Design Video Streaming | System Design Case Study

Step 1: Clarify Requirements

Functional Requirements

Upload: Creators upload videos of varying length (seconds to hours) and resolution (up to 4K).
Transcode: Convert uploaded videos into multiple resolutions and formats for adaptive streaming.
Stream: Viewers watch videos with smooth playback, automatic quality adjustment based on bandwidth.
Search & Discovery: Users search for videos by title, tags, and description. Trending and recommended videos on the homepage.
Engagement: Like, comment, subscribe, share. View counts and watch history.
Recommendations: Personalized video suggestions based on watch history and preferences.

Non-Functional Requirements

Scale: Support 1 billion daily active users, 500 million videos in the catalog.
Availability: 99.99% uptime for playback.

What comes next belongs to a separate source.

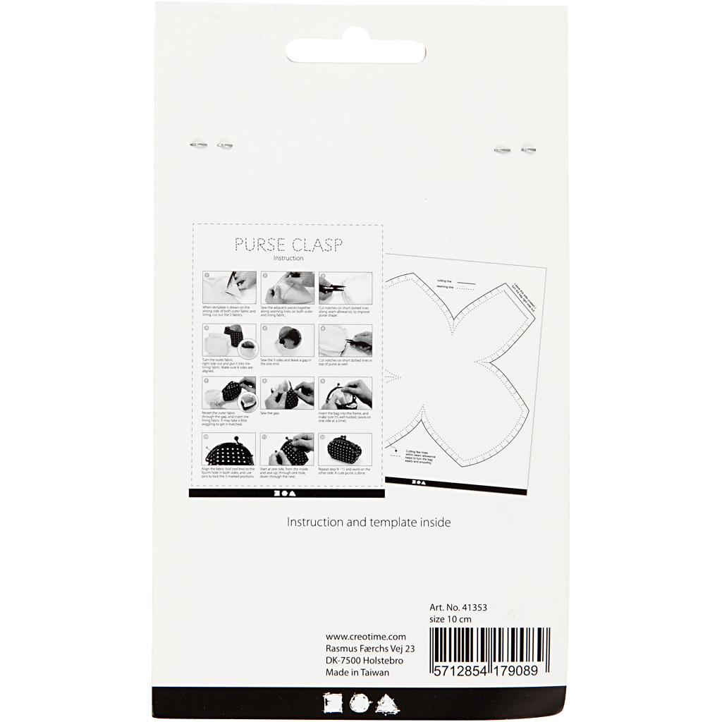 Runder Metallbügel-Verschluss mit Stielkugeln und gelochtem Rahmen zum Annähen an Geldbörsen/kleine Taschen aus Stoff. Mit Vorlage und Anleitung zum Annähen

Upload can tolerate slightly lower availability.
Low latency: Video playback must start within 2 seconds. Seek operations under 1 second.
Durability: Uploaded videos must never be lost. 11 nines of durability for raw and transcoded assets.
Global reach: Low-latency playback across all continents via CDN.
Cost efficiency: Storage and bandwidth are the dominant costs. Optimize aggressively.

Step 2: Back-of-Envelope Estimates

EstimationUsers:               1 billion DAU
Videos in catalog:   500 million

UPLOAD:
  New uploads/day:   500,000 videos
  Average raw size:  500 MB (mix of short and long content)
  Daily raw upload:  500K * 500 MB = 250 TB/day
  After transcoding: ~3x raw size (multiple resolutions)
                     250 TB * 3 = 750 TB/day of transcoded output
  Annual storage:    750 TB * 365 = ~274 PB/year

STREAMING:
  Average watch time:  30 minutes/user/day
  Average bitrate:     5 Mbps (mix of resolutions)
  Concurrent viewers:  ~50 million (peak)
  Peak bandwidth:      50M * 5 Mbps = 250 Tbps
  (CDN handles most of this; origin serves ~1-5%)

TRANSCODING:
  500K videos/day, average 10 min each
  Transcoding to 5 resolutions = 2.5M transcoding jobs/day
  At ~2x real-time per resolution:
    Total compute: 500K * 10 min * 5 = 25M GPU-minutes/day

METADATA:
  500M videos * 2 KB metadata = 1 TB
  Comments: ~10 billion total, ~5 TB
  Watch history: 1B users * 200 entries * 50B = 10 TB

Step 3: High-Level Design

The architecture splits into two distinct paths: the upload/transcode path (top) handles ingestion, processing, and storage, while the playback path (bottom) serves video content through CDN edge servers. These paths are decoupled: a video becomes available for streaming only after the transcoding pipeline completes and metadata is written.

Step 4: Deep Dive

Upload Pipeline

Uploading large video files over unreliable networks requires a robust, resumable upload protocol. The upload service implements chunked, resumable uploads.

Initiate upload: Client sends metadata (title, description, tags). Server creates an upload session and returns a unique upload URL with a pre-signed S3 multipart upload ID.

Chunked upload: Client splits the video into 5-10 MB chunks and uploads them in parallel (up to 6 concurrent connections). Each chunk includes an MD5 checksum for integrity verification.

Resume on failure: If the connection drops, the client queries the server for which chunks were received and resumes from the last incomplete chunk. No data is re-uploaded.

Complete upload: Once all chunks arrive, the server triggers S3 multipart completion to assemble the final object. The raw video is now stored durably.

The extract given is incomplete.